Fun with Erlang (was Re: Stand Alone Erlang for Windows. yet again)
Chris Pressey
cpressey@REDACTED
Fri Mar 16 08:16:44 CET 2001
Alexander Williams wrote:
> On Thu, Mar 15, 2001 at 01:46:30PM -0600, Chris Pressey wrote:
> > I'm working on a game myself; it's sort of an MUD/MUSE/IF/roguelike
> > thing, so I'd be especially interested in hearing about any online games
> > or other fun stuff that's been attempted in Erlang.
> Ooooh, now, this is fun: I was just thinking about Erlang-based MU*
> the other night (and, naturally, that led to my thoughts about Binary
> Strings vs List Strings; parsing eats up time in MU* design).
Indeed... I'm sticking to binaries and atoms whereever possible.
> Theoretically, a MU* implimented in Erlang could have easily
> distributable/extensible distributed databases; one could literally
> walk off the edge of one MU* and onto another hosted on another site
> and hardly know the difference ... except for any local player-mods
> that might have been made. Strolling from a systemless SocialEM
> (Erlang MU*) onto a World of Darkness EM wouldn't necessarily give you
> stats and structure (though the WoD could be coded to stat you as Joe
> Average; capturing migrating processes would be nicely necessary).
Although I had no such lofty plans to start out with, these were some of
the strengths for why I picked Erlang to do this in. Servers should be
able to treat each other as peers and refer clients to each other, and
distributed programming should make that easy, almost trivial.

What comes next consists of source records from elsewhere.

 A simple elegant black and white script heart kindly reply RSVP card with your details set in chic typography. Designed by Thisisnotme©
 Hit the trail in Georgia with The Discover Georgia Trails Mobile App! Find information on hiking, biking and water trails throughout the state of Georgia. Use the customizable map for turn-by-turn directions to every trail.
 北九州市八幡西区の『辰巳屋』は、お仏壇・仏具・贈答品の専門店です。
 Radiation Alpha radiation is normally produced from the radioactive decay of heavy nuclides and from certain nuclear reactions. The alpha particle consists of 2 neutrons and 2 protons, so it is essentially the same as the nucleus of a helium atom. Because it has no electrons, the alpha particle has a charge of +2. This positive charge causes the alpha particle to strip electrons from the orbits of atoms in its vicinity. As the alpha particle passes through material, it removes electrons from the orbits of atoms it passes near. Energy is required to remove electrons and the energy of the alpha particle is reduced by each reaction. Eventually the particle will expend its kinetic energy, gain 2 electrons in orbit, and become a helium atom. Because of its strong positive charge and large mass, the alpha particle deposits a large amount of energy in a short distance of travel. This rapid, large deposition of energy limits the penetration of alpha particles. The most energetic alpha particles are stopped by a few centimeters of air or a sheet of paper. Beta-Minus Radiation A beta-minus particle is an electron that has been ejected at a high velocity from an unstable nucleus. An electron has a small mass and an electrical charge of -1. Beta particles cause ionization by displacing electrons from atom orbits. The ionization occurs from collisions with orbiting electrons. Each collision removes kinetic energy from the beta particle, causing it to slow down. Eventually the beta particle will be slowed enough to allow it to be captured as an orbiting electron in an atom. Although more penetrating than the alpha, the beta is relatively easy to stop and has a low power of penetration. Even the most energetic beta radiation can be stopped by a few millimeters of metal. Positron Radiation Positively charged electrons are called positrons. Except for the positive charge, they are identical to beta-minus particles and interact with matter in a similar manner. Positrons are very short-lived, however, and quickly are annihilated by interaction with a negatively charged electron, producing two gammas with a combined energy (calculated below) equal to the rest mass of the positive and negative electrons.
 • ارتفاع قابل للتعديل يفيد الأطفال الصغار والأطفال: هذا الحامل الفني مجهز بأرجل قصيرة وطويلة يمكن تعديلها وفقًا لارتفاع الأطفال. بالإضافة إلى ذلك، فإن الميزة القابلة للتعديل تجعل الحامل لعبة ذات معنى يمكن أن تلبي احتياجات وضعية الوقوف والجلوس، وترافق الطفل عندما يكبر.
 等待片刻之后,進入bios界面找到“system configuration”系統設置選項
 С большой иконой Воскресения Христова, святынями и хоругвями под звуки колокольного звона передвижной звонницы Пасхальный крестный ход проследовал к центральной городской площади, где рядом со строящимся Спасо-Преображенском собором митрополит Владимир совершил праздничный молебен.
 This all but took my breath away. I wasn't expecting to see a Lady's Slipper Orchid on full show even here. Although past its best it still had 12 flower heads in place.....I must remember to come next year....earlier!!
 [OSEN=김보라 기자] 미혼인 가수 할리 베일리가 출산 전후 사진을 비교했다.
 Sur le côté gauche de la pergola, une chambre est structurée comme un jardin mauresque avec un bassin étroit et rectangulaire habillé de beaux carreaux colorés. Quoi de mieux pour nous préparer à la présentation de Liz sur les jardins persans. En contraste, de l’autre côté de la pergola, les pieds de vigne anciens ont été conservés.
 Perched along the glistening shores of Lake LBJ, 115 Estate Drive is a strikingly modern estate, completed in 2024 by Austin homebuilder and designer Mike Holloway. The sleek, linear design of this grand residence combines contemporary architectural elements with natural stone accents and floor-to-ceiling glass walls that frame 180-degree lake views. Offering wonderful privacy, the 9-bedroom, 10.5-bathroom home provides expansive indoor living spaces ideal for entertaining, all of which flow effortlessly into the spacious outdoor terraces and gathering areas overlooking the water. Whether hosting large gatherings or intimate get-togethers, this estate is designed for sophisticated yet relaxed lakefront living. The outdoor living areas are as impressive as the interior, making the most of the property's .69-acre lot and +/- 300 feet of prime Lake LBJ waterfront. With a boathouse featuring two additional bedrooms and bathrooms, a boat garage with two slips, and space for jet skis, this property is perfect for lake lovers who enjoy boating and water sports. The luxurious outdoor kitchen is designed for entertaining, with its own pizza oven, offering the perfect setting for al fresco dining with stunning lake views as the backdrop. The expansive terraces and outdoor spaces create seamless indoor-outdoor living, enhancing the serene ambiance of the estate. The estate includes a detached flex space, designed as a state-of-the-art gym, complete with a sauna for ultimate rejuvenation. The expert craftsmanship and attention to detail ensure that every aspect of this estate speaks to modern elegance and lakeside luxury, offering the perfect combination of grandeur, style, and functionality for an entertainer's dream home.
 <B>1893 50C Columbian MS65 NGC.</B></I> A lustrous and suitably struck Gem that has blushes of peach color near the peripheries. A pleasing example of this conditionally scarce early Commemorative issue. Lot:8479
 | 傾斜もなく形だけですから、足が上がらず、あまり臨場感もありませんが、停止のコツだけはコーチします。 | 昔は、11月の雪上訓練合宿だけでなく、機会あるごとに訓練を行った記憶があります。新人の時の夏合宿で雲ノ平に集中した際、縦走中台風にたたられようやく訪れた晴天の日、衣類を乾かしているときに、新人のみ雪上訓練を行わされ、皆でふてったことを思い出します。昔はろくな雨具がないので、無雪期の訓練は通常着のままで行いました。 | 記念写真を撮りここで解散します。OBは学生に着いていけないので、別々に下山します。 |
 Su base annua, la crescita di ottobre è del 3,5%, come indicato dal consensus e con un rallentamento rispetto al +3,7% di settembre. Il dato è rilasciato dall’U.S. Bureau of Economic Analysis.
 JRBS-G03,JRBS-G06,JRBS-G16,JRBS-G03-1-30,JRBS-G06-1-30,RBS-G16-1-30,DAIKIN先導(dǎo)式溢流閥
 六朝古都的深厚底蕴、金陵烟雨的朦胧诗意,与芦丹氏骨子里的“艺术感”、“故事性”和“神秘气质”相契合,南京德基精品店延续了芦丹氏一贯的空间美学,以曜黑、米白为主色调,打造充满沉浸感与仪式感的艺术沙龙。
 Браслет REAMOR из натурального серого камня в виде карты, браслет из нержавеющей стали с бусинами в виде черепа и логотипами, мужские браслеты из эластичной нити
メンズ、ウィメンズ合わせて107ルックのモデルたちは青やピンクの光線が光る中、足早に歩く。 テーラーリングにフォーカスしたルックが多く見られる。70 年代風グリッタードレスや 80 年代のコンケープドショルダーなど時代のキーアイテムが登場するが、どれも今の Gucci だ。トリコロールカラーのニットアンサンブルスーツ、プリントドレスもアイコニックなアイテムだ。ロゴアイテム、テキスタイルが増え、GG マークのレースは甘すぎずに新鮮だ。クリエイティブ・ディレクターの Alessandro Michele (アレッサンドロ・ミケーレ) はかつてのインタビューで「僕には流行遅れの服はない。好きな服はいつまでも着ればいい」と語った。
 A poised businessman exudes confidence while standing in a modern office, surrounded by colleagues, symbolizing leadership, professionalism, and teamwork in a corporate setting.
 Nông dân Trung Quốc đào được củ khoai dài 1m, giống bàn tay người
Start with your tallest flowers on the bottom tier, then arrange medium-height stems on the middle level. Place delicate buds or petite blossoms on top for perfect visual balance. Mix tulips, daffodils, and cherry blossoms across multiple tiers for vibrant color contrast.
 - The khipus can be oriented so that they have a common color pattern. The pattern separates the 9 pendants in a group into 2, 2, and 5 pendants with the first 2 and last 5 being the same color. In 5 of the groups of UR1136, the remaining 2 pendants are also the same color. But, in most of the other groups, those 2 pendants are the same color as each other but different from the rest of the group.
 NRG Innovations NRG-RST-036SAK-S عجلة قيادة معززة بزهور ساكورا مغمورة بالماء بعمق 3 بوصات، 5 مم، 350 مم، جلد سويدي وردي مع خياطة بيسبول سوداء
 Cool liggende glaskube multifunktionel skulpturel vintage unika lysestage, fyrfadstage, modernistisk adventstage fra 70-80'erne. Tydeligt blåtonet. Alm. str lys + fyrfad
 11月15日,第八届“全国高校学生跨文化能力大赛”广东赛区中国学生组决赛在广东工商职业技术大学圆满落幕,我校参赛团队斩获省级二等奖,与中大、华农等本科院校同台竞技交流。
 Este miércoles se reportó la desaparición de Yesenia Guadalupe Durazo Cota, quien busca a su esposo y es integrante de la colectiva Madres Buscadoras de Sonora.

> The main question that it occured to me to ask would be "How is the
> best way to allow programming/extending the live system?" The
> facility for live upgrade of Erlang code gives us a direct hook into
> fixing things, but one has to impliment security on top of that.
Indeed, I thought about that a bit too. A mechanism like Perl's
taint-checking would be nice. Failing that, probably a little
object-manipulation language which is compiled into safe Erlang when
entered.
> Do
> we go with the LP-like model with directories of files which are then
> instanced into existance, or something more MUX-like with instances
> being live at all times but possibly inherited from?
This just being an experiment for me, I'm not really following any
particular model with much fidelity.
This started out as an experimental roguelike game in Perl, which
quickly got too complex to be easily maintainable. I started
translating it to Erlang, but found I had a much easier time just
rewriting most of it.
All objects in my game are records in a monolithic mnesia table (which
is currently ram-and-disc, I will probably change that to ram-only with
periodic dumps in the future, for speed.)
There is a field 'pid' in the record definition. Objects with 'agency'
have a pid associated with them. Such objects can be NPC's (internal
bots), in which case the process is responsible for their AI. Or they
can be human players or external bots, in which case there's a valid
value in the 'socket' field too. So the difference between 'live' and
'inert' objects is merely that of an attached process.
I'm using a sort of 'object factory' approach where there are no
classes; instead, 'exemplars' which are copied and tweaked. Exemplars
describe distributions for stats (e.g. strength = 3d6) while instances
have concrete values (e.g. strength = 15.)
_chris
--
"Ten short days ago all I could look forward to was a dead-end job as a
engineer. Now I have a promising future and make really big Zorkmids."